## Dataset section:
┌────────
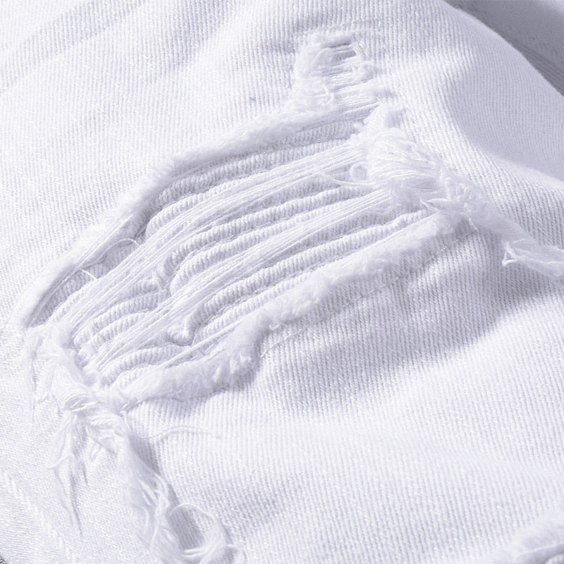 Destroyed Ripped Men Patchwork White Jeans Pants
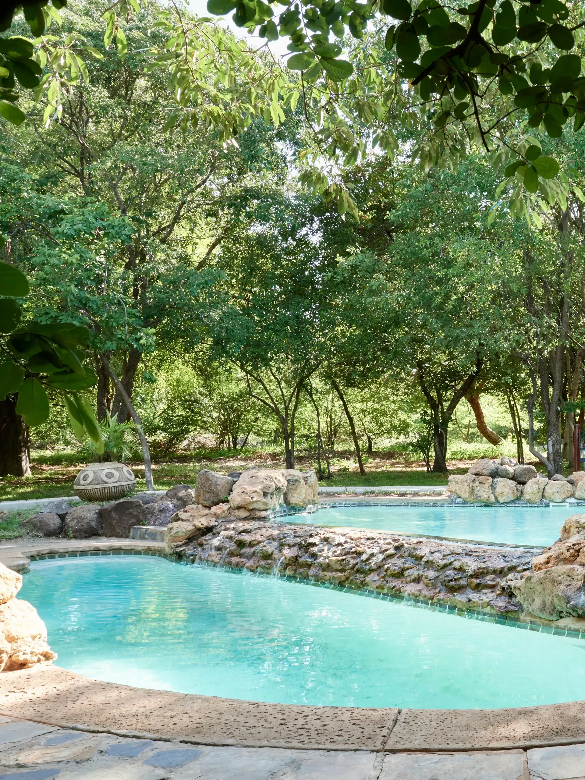 - At the heart of the camp is a cooling swimming pool under the shade of an ancient baobab tree
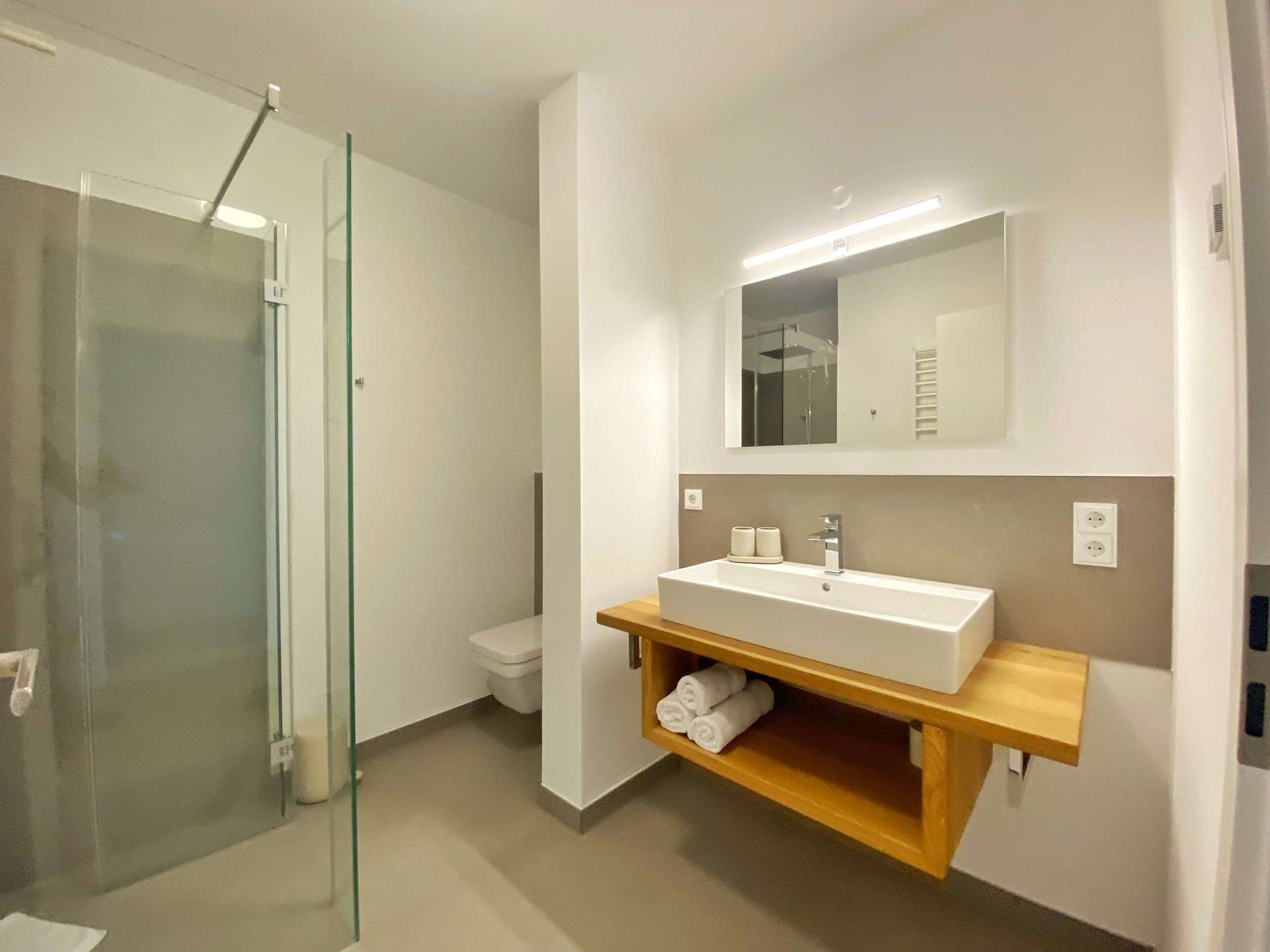 Die komfortable Gemeinschaftssauna befindet sich im rückwärtigen Gebäudebereich des Erdgeschosses.
└────────
## What to work on:
Please give back the material above exactly as written, pictures omitted.

## Task response:
 Destroyed Ripped Men Patchwork White Jeans Pants
 - At the heart of the camp is a cooling swimming pool under the shade of an ancient baobab tree
 Die komfortable Gemeinschaftssauna befindet sich im rückwärtigen Gebäudebereich des Erdgeschosses.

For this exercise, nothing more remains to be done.